Perhaps I’m missing something, but it seems like it would be possible to exchange the method implementations. When you need to call the old method, use the new selector to fetch the old IMP. Then call the old IMP passing in the old selector. Then the old method would still receive its expected selector, and you would still be safe if other code swizzles the same method.

iOS 8 Privacy Updates

Luis Abreu:

The latest updates to iOS 8 and OS X Yosemite introduce some very welcomed changes to the way Security and Privacy is dealt with on these platforms and may serve as an inspiration for others.

I’ve gathered this information by watching over 17 hours of WWDC 2014 sessions and carefully reviewing, analyzing what was said, and writing a huge number of notes on Security, Privacy, UX and other areas which I will be publishing here in the coming weeks.

[…]

As a side note: you can now direct the user directly to the applications’s privacy controls in iOS Settings from your app without having to display step-by-step instructions for the user to follow.

Sounds like this sort of guidance won’t be as necessary.

Facebook Big Likes

Paul Kafasis:

Alas, Facebook Messenger 6.1 has already been released, and it obliterates all reference to version 6’s revolutionary upgrades.
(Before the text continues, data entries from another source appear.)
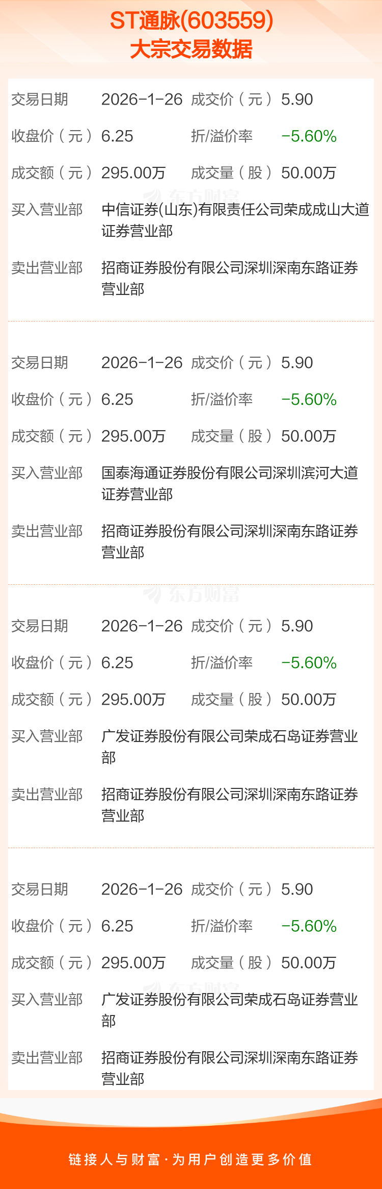 2026年1月26日,ST通脉发生4笔大宗交易,共成交200.00万股,成交金额1180.00万元,占其流通市值比例为0.47%。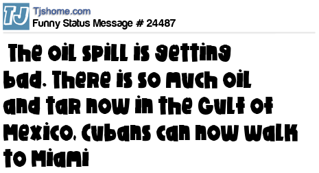 X says The oil spill is getting bad. There is so much oil and tar now in the Gulf of Mexico, Cubans can now walk to Miami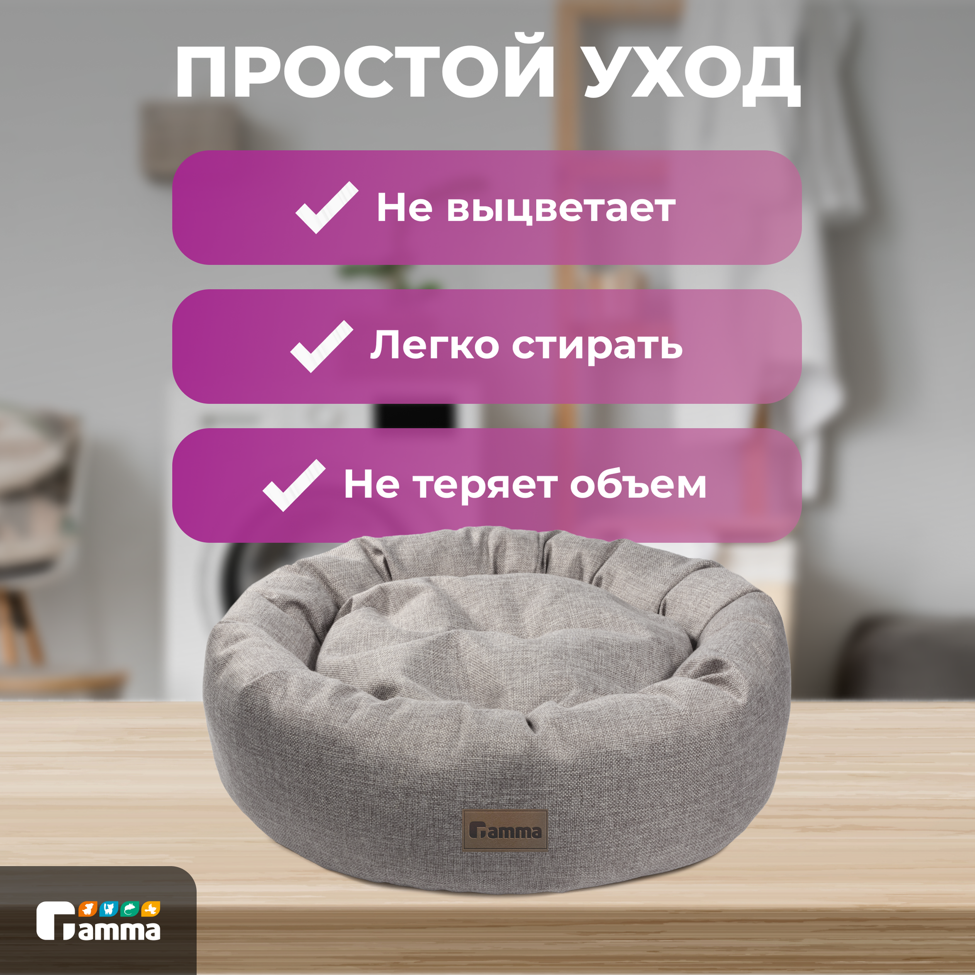 Гамма Лежанка круглая "Кижи" со съемной подушкой, рогожка, бежевая, 50*50*16 см

Let this post serve as a testament to the ingenuity on display at Facebook, in the form of “Big Likes”.

iCloud Drops Support for Third-Party AIM Clients

Dan Moren:

Thanks to enhanced security that Apple has put in place as of July 1, folks with those specific [mac.com/me.com/icloud.com] usernames can no longer connect to the AIM service with clients other than Messages running on OS X 10.7.2 or later.

[…]

If you don’t want to upgrade your version of OS X or switch to Messages, your alternative is to create a new AIM account. Of course, that requires that you re-construct your buddy list, which may be a not insignificant amount of work.